Abstract
Abstract 2500
Wilms' tumor gene 1 (WT1) is a tumor suppressor gene coding for a zinc finger transcriptional factor which was found overexpressed in acute myeloid leukemias (AML). In AML WT1 functions as an oncogene rather than a tumor suppressor. This may depend on the unbalanced expression of its different isoforms derived from alternative splicing in exon 5 (EX5+/−) or the presence of KTS in exon 9 ( KTS+/KTS-). In normal hematopoietic cells the physiological ratio between KTS+/KTS- isoforms is 1:1. KTS are inserted between the third and fourth zinc fingers thus influencing the DNA binding and therefore the transcriptional activity.

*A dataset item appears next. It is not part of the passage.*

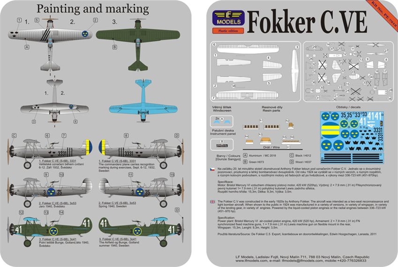 LF MODEL - 1/72 Fokker C.VE - Sweden 1932-1940 (3x camo)

The aim of the study was to investigate the possibility of an unbalanced ratio between the isoforms thus leading to the disruption of WT1 function. In addition we correlated KTS+ isoform with clinical and biological features. Methods: we analyzed KTS+/KTS- isoforms in 120 AML patients ( 102 BM samples, 18 PB), 63 chronic phase CML patients (48 BM and 15 PB). In addition we evaluated 5 samples of selected blast cells from AML patients. In a subset of 38 adult acute myeloid leukemia (AML) patients we measured all WT1 isoforms (A[EX5 -/KTS -], B[+/−], C[-/+] and D[+/+]. Quantitative PCR was used for the WT1 isoforms detection and measurement.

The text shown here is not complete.